▸ **Your assignment**: Repeat exactly the lines that run from the start of the records below to the line with "Na trasie zawodników", including both of those lines but not the pictures.

▸ **Task inputs**:
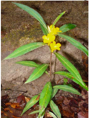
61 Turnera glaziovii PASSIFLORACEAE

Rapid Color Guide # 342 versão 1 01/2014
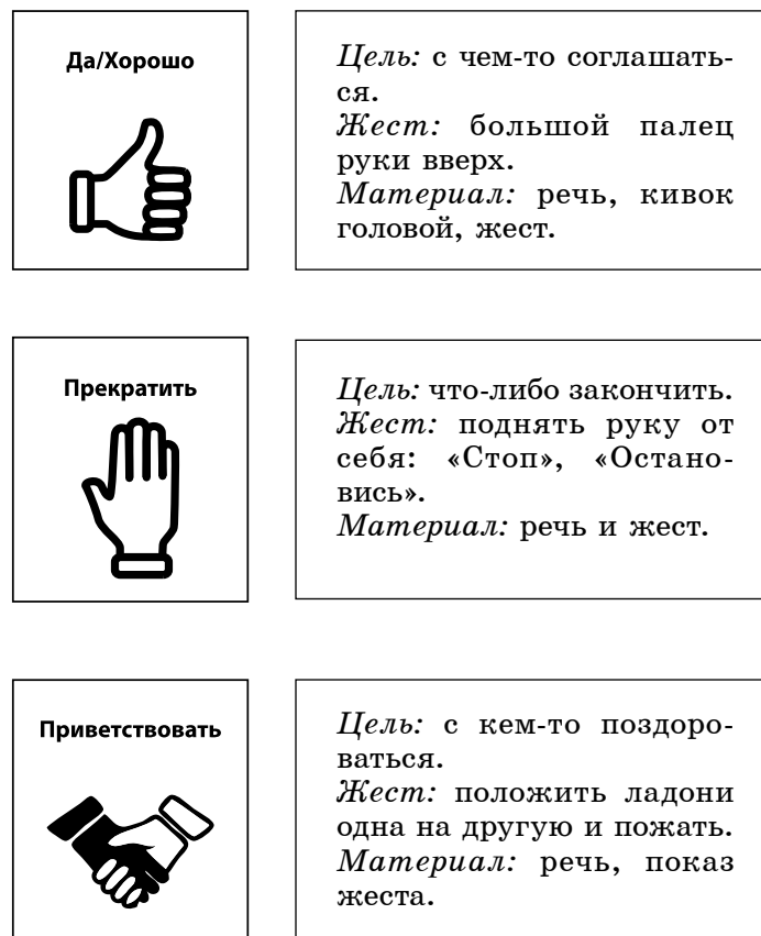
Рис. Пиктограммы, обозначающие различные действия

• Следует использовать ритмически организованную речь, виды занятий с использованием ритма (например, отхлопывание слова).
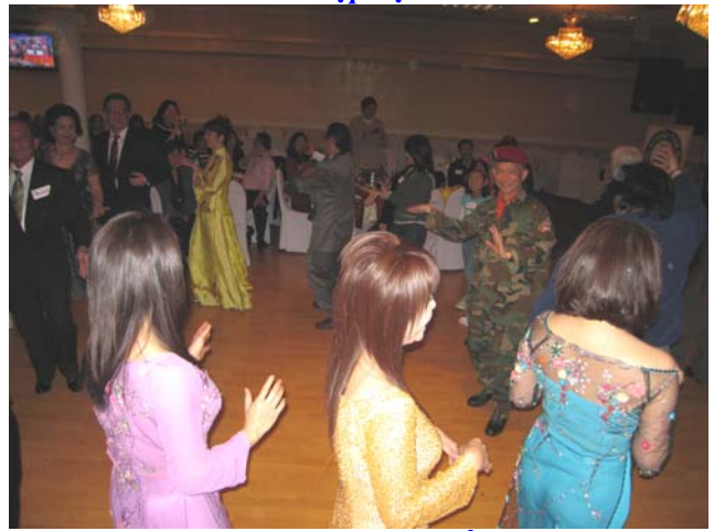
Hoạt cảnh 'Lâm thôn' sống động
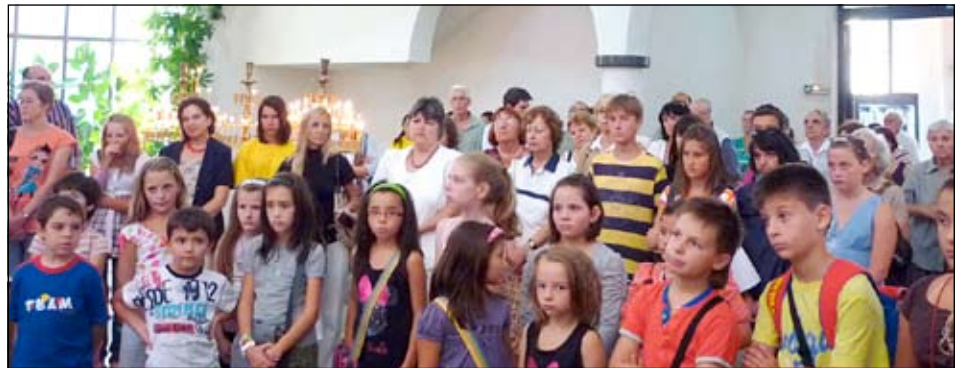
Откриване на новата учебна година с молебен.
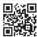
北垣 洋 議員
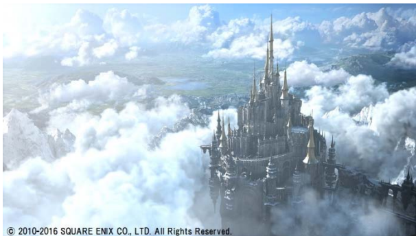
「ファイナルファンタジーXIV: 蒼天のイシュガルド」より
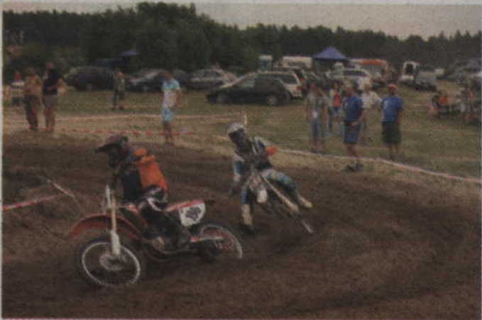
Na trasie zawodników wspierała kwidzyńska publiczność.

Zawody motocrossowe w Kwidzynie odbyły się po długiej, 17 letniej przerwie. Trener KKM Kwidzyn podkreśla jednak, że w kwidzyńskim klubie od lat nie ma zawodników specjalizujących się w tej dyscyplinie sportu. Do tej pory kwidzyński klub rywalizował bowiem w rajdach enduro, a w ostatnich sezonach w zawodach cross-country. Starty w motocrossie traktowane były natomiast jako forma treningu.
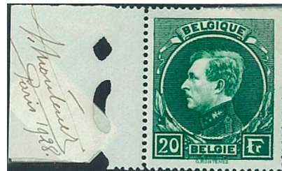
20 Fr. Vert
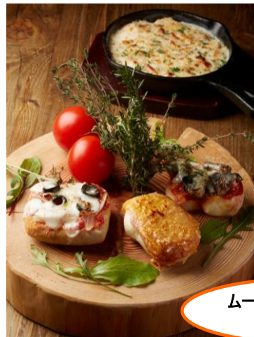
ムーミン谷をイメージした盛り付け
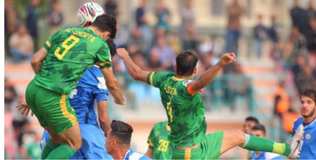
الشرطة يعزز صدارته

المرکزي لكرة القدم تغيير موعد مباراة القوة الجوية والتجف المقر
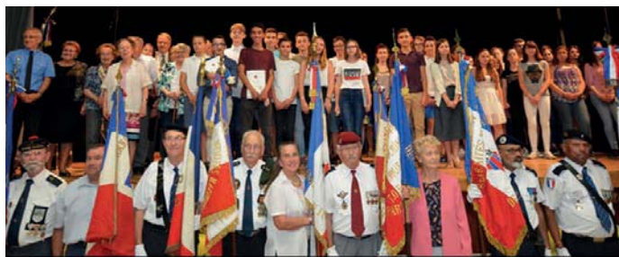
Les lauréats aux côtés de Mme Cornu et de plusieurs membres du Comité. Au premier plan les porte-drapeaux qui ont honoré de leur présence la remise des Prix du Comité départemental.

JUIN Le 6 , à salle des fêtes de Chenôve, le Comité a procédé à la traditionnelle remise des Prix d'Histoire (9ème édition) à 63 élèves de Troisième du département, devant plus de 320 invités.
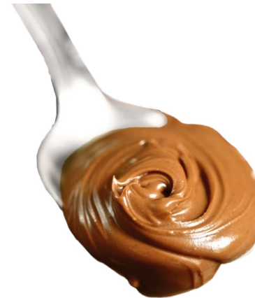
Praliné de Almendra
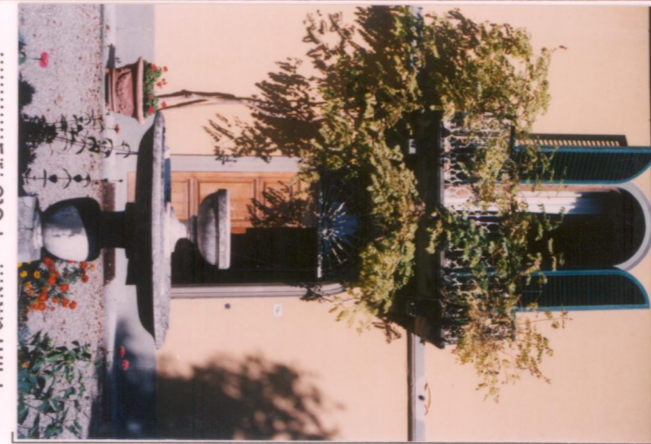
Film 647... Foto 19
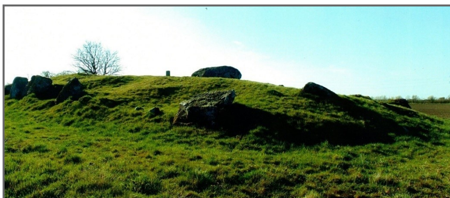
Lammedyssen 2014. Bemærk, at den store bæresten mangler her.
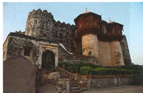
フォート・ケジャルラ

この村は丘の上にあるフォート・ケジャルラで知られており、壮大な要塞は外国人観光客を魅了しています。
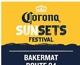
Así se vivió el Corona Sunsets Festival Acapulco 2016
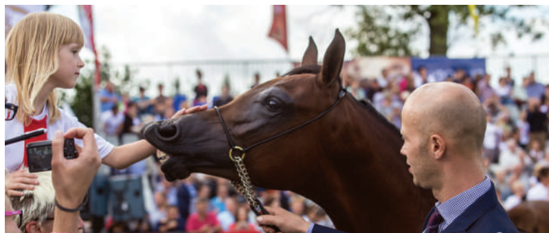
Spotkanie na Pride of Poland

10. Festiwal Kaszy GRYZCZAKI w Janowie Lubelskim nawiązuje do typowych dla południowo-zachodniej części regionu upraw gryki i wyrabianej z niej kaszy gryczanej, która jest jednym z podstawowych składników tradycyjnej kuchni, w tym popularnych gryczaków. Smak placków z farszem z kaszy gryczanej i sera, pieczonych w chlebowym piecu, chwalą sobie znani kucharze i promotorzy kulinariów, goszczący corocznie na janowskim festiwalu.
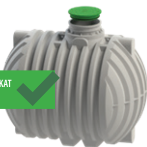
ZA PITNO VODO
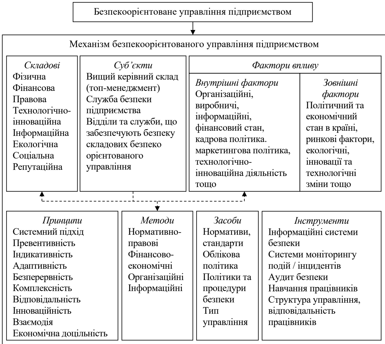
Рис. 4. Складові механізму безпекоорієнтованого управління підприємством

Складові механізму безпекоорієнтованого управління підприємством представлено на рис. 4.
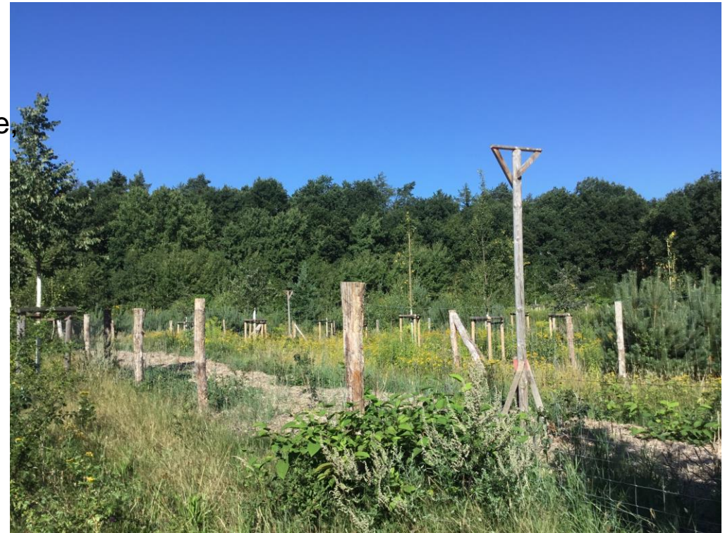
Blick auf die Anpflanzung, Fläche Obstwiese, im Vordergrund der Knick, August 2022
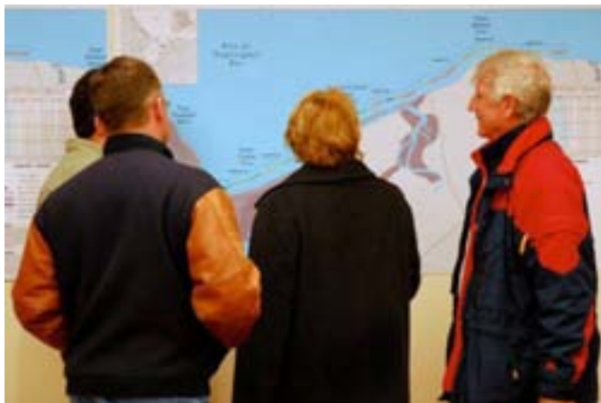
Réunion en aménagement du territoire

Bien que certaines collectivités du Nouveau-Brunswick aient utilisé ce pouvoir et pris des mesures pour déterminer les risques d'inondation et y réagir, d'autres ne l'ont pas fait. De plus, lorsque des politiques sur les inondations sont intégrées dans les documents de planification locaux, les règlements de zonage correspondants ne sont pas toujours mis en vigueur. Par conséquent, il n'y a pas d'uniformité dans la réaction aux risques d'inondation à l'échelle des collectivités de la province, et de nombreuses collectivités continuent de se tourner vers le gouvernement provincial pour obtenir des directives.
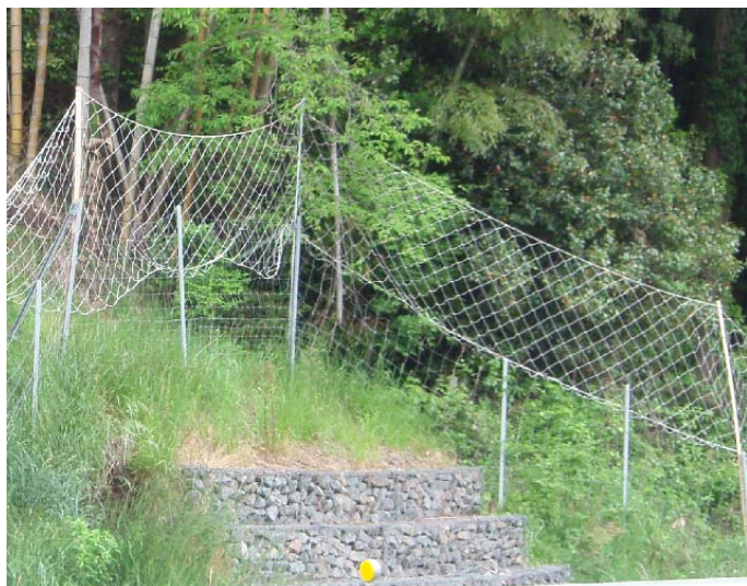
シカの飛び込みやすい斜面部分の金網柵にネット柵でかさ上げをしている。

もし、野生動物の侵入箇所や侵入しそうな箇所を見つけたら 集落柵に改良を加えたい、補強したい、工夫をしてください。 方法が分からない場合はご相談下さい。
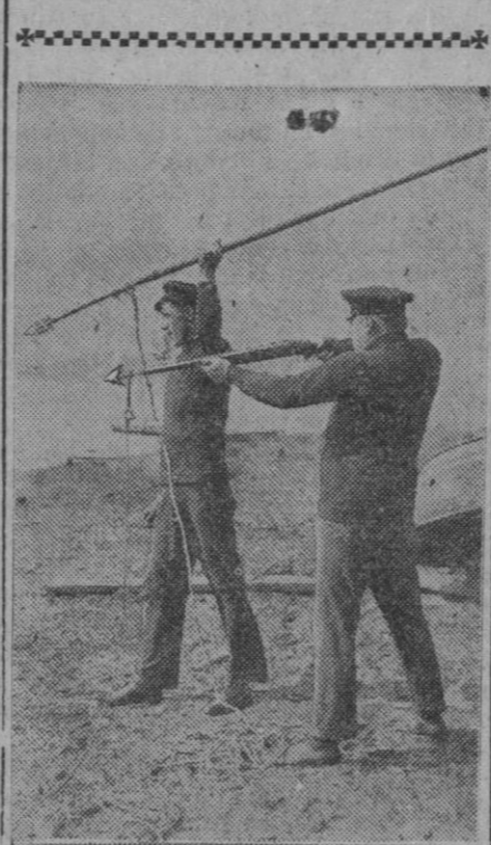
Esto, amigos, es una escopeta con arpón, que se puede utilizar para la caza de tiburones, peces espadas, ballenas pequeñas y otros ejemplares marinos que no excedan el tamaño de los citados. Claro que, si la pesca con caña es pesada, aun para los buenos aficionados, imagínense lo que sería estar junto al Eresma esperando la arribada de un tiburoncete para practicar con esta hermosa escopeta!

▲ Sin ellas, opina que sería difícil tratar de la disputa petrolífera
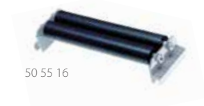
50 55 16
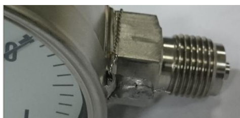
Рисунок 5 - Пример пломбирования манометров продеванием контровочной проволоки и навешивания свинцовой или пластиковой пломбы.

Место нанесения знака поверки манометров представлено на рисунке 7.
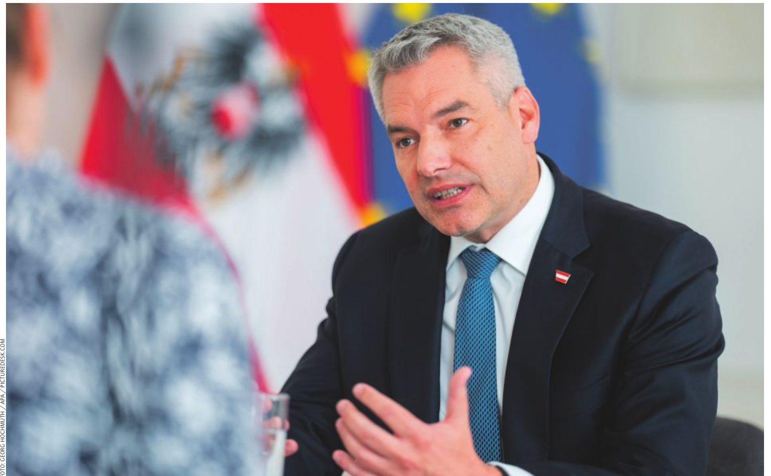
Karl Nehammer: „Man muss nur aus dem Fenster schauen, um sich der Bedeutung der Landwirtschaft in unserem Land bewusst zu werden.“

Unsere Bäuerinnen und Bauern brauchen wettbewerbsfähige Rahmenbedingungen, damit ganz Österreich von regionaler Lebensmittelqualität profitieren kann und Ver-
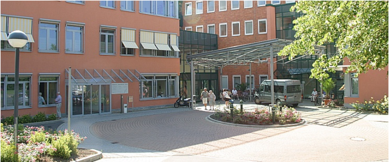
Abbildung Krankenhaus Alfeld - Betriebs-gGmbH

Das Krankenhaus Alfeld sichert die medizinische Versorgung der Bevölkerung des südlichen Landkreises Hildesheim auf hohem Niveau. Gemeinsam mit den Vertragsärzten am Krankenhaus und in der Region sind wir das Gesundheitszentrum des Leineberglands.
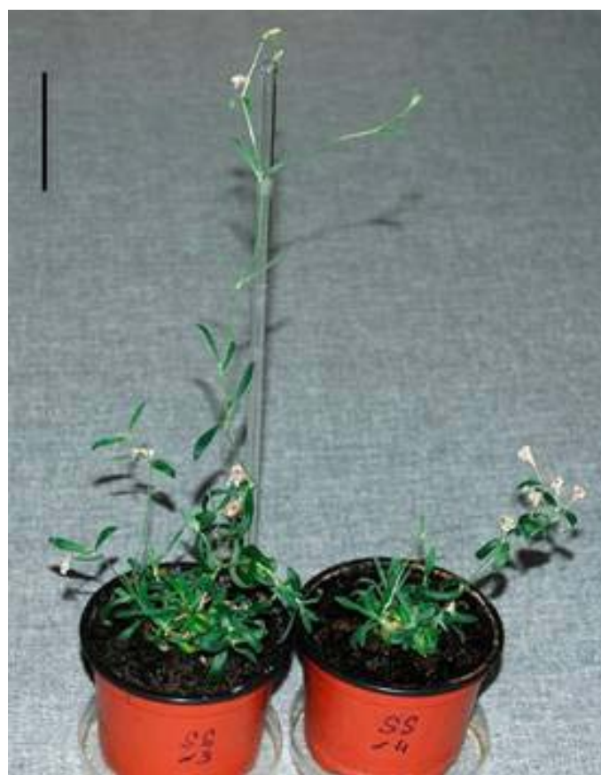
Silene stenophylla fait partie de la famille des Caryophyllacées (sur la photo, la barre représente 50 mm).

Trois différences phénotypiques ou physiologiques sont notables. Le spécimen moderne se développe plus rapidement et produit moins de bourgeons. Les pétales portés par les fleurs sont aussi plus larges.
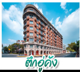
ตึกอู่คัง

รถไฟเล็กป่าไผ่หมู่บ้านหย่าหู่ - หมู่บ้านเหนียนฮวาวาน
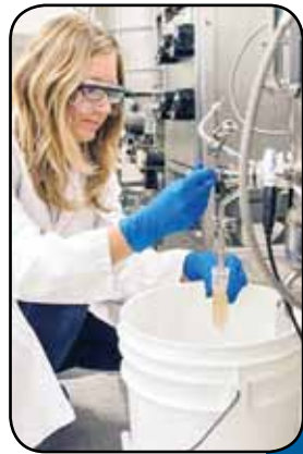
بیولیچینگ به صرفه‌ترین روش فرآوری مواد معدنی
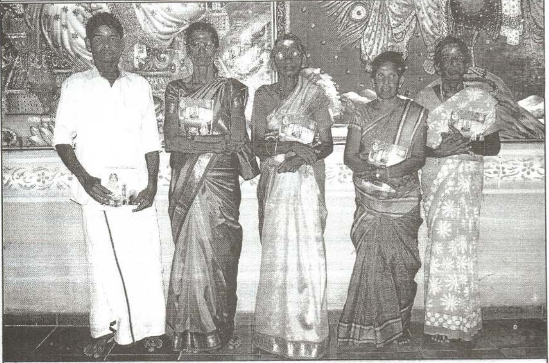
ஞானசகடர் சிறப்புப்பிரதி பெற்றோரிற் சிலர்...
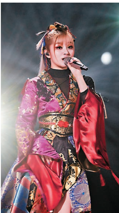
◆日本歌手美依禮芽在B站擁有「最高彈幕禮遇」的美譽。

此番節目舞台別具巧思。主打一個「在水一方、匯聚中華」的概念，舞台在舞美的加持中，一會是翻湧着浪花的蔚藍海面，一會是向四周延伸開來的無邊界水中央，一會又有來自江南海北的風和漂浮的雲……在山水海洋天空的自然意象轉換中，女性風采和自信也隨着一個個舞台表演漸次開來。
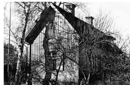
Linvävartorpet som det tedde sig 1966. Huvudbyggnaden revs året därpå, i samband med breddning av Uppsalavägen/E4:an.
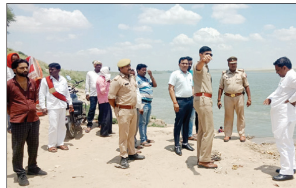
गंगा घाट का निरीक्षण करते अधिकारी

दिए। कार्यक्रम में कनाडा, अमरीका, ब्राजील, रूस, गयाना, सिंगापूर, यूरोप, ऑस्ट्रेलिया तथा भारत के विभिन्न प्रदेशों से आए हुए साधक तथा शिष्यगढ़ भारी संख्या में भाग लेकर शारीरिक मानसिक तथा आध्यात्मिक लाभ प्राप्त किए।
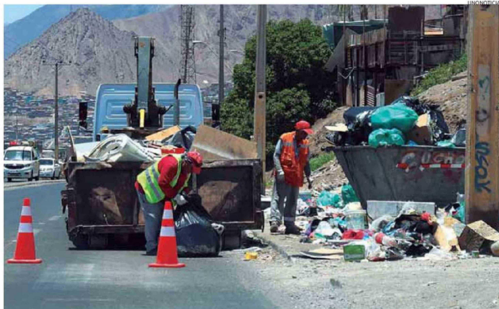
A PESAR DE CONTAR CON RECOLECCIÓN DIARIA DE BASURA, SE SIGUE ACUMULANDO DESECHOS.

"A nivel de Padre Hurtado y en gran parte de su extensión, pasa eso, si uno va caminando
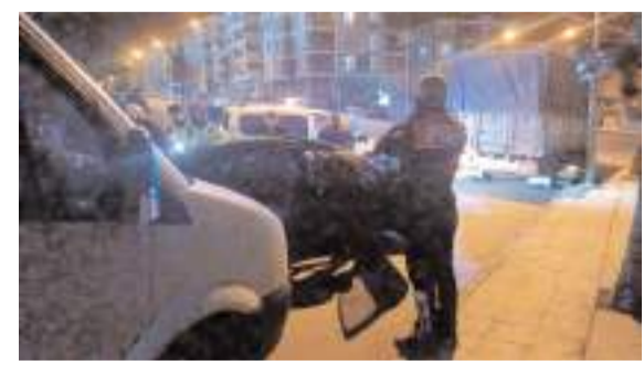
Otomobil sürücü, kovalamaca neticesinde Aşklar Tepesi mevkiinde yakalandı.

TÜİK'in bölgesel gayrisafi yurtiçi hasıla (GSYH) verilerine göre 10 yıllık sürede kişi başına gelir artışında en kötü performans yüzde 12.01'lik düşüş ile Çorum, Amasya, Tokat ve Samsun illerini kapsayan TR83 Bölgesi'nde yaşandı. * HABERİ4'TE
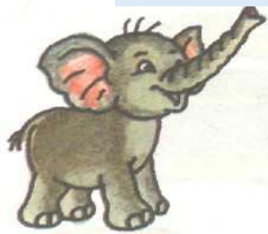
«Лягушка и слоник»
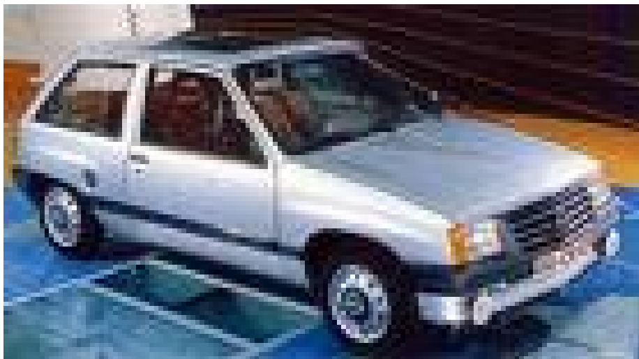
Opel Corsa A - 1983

▸ **Reply to the task**:
61 Turnera glaziovii PASSIFLORACEAE

Rapid Color Guide # 342 versão 1 01/2014
Рис. Пиктограммы, обозначающие различные действия

• Следует использовать ритмически организованную речь, виды занятий с использованием ритма (например, отхлопывание слова).
Hoạt cảnh 'Lâm thôn' sống động
Откриване на новата учебна година с молебен.
北垣 洋 議員
「ファイナルファンタジーXIV: 蒼天のイシュガルド」より
Na trasie zawodników wspierała kwidzyńska publiczność.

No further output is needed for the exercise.